Interesting Findings from CAVE
We have found that students appreciated not only the immersive aspect of their experience, but also the group learning dynamics. They can see each other within the virtual world being projected, and they can watch and verbally interact with the lead viewer as that student performs tasks in the virtual world.
The same 3D content that can be viewed in an HMD can also be viewed in a CAVE, and vice versa. But there are differences between these VR technologies. All students cannot wander independently through virtual worlds in a CAVE. They are tethered to the lead viewer’s position and motion in the virtual world. A set of HMDs and laptops can permit each student in a class to explore the same world independently. On the other hand, students using HMDs cannot see each other or gesture to one another.
Based on my center’s work we have come to see these VR technologies as complementary. Each one offers support for different aspects of the total learning process. CAVEs support collaborative, social aspects of learning, while HMDs support individual, probative aspects of learning.
At Villanova, I encourage instructors to use our CAVE for its collaborative learning strengths but to make the course’s VR material available for students to check out an HMD and use it to study what they saw in the CAVE from a laptop.
I believe that the process of adopting VR as a teaching tool at any school involves decisions about more than just which particular VR technology to use based on cost. It requires planning about how VR will impact an entire class as well as individual learners within it.

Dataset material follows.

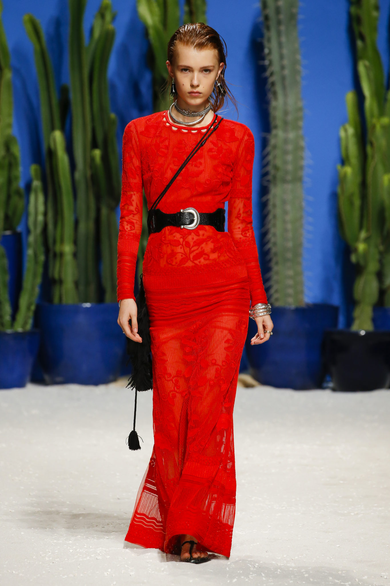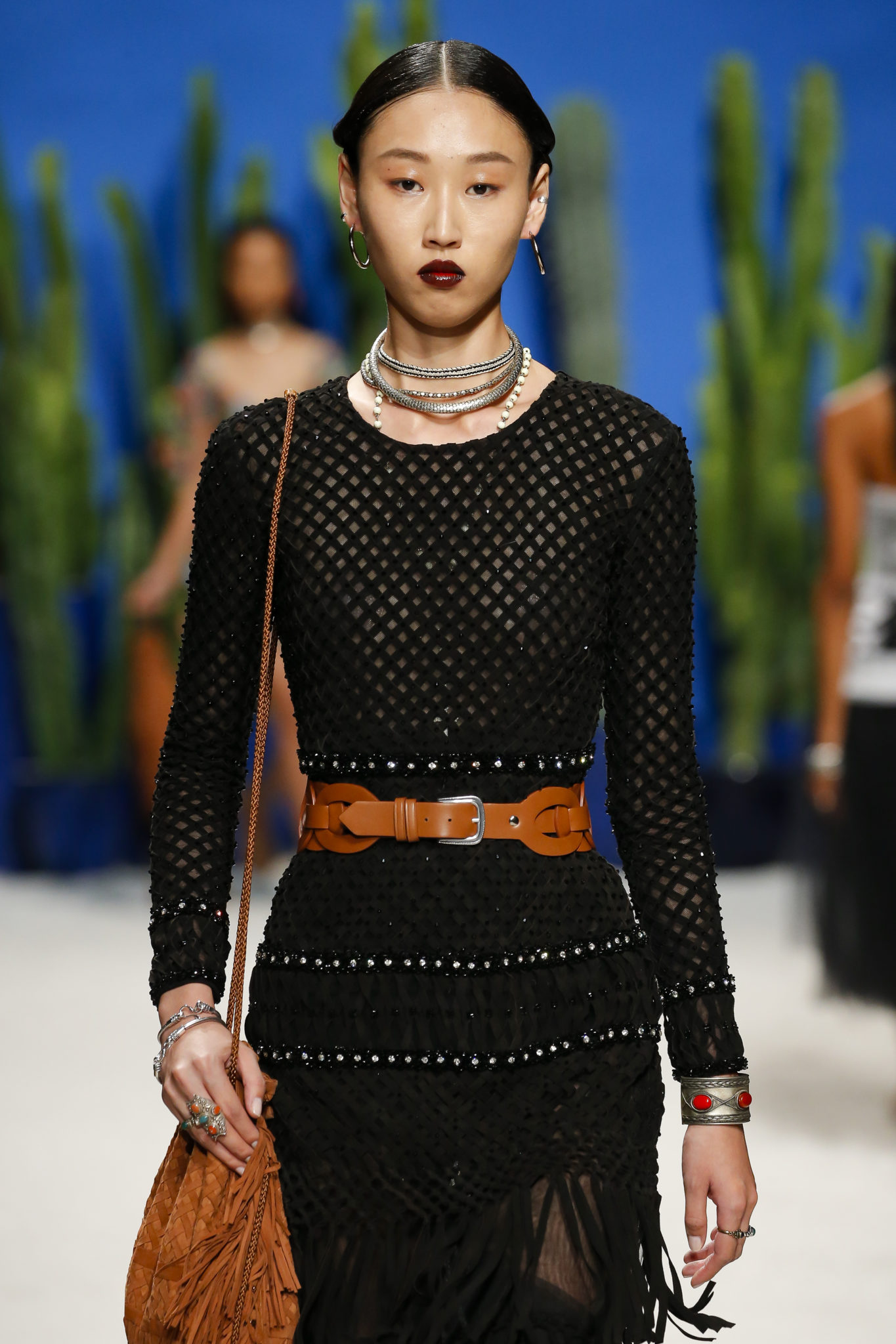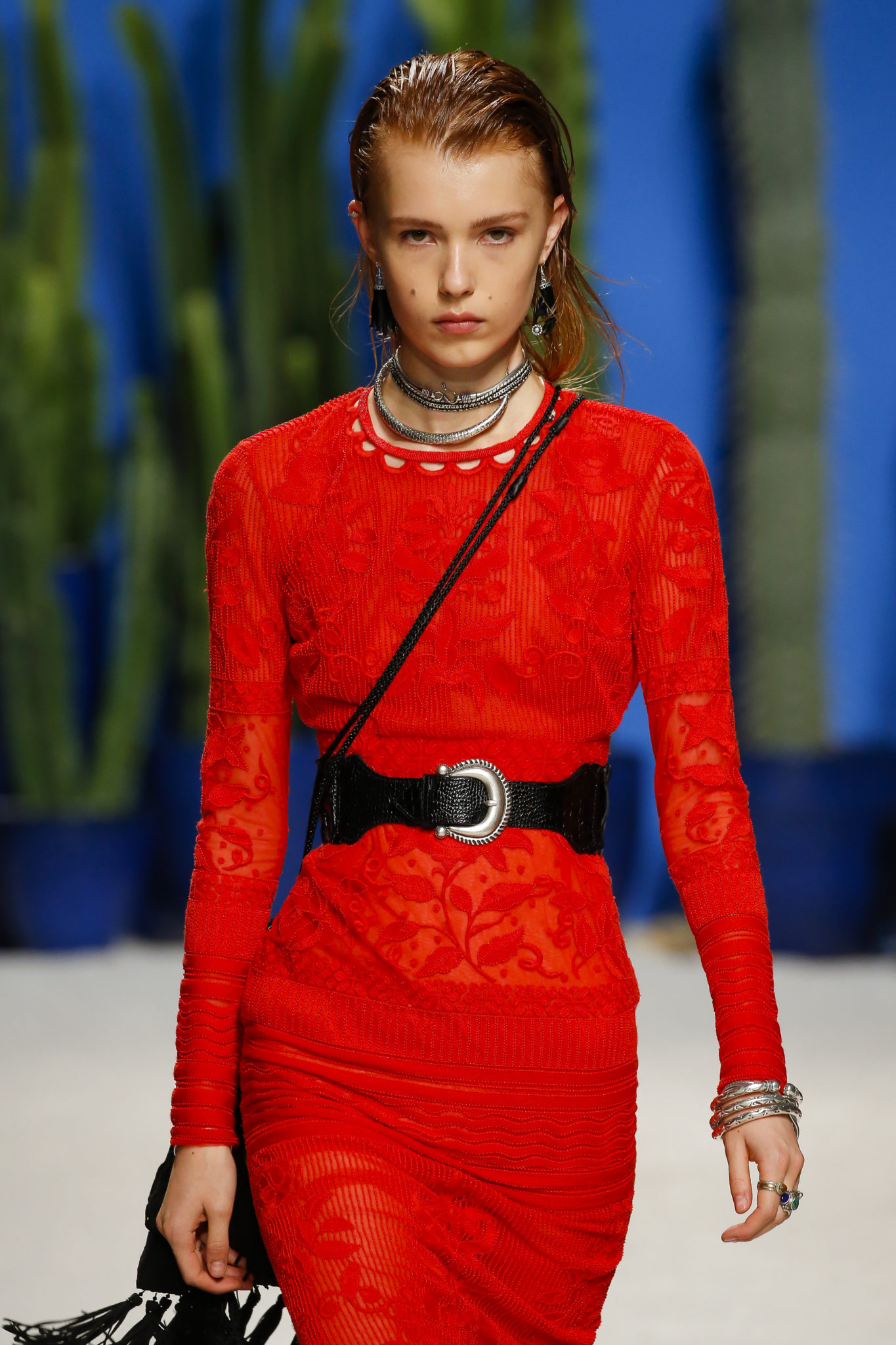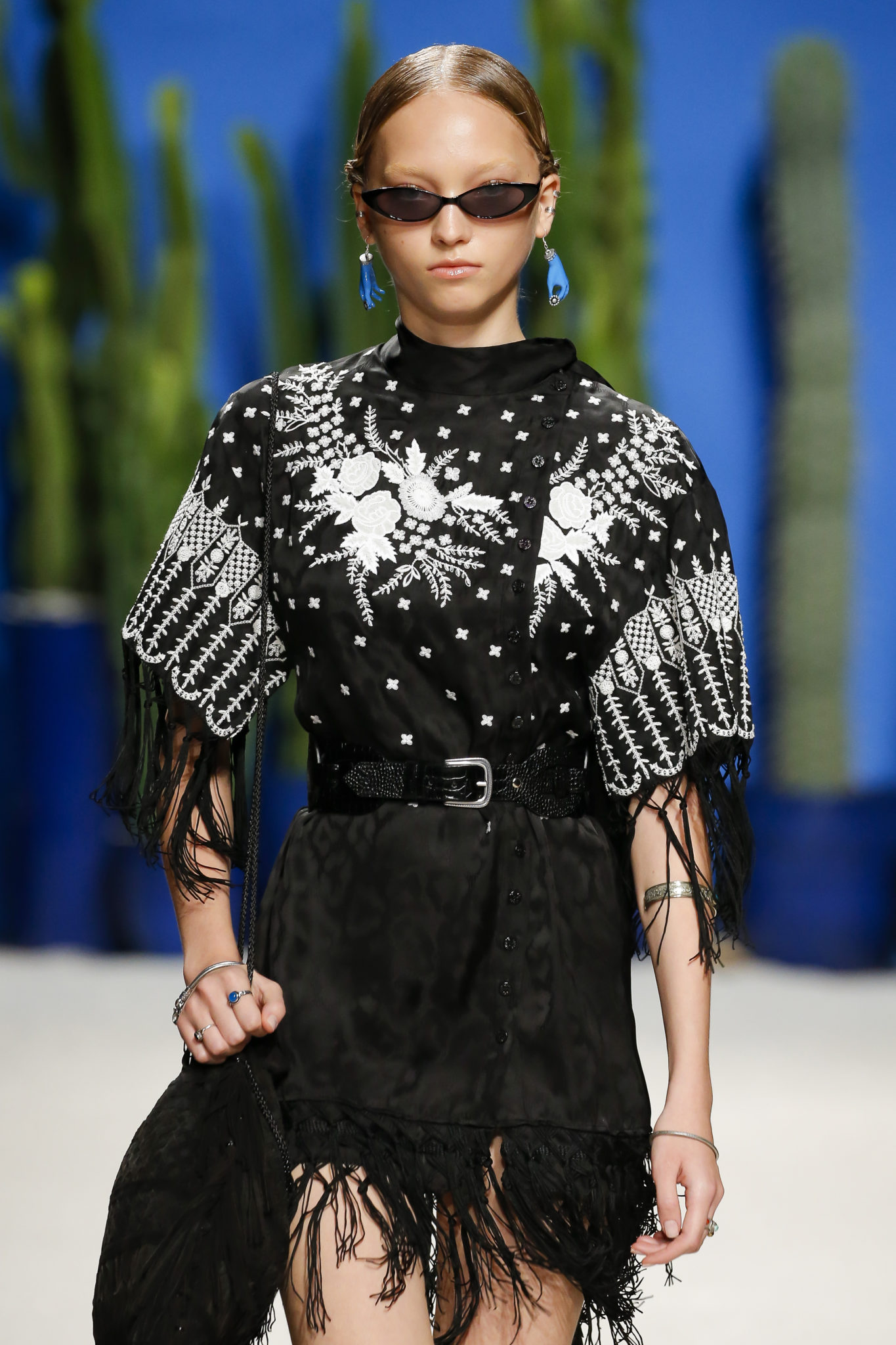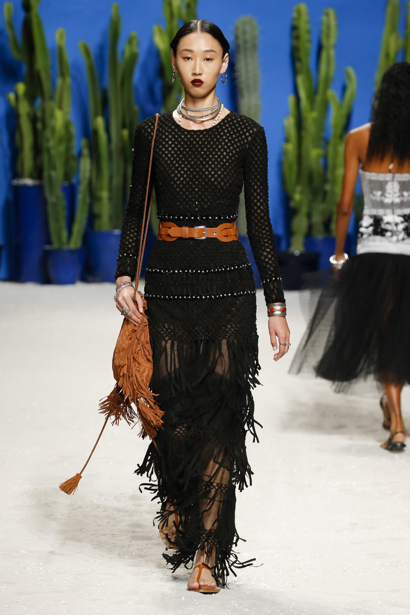 The bravura of this collection is also the accumulation of the bold accessories. An eclectic range of earrings and necklaces, not forgetting the moccasins and flat sandals as well as an oversized fringed cross-over bag complete the silhouette.

When educators choose to adopt VR for courses, they need to be careful not to lose any benefits from collaborative learning strategies they were using in those courses. The process of embedding VR in a course must answer questions not just about what frames of reference we need students to see in a world, but also about what we expect students to reinforce with each other in that world.
When the total learning experience is considered, it will be crucial to bring students along with their classes into the VR era.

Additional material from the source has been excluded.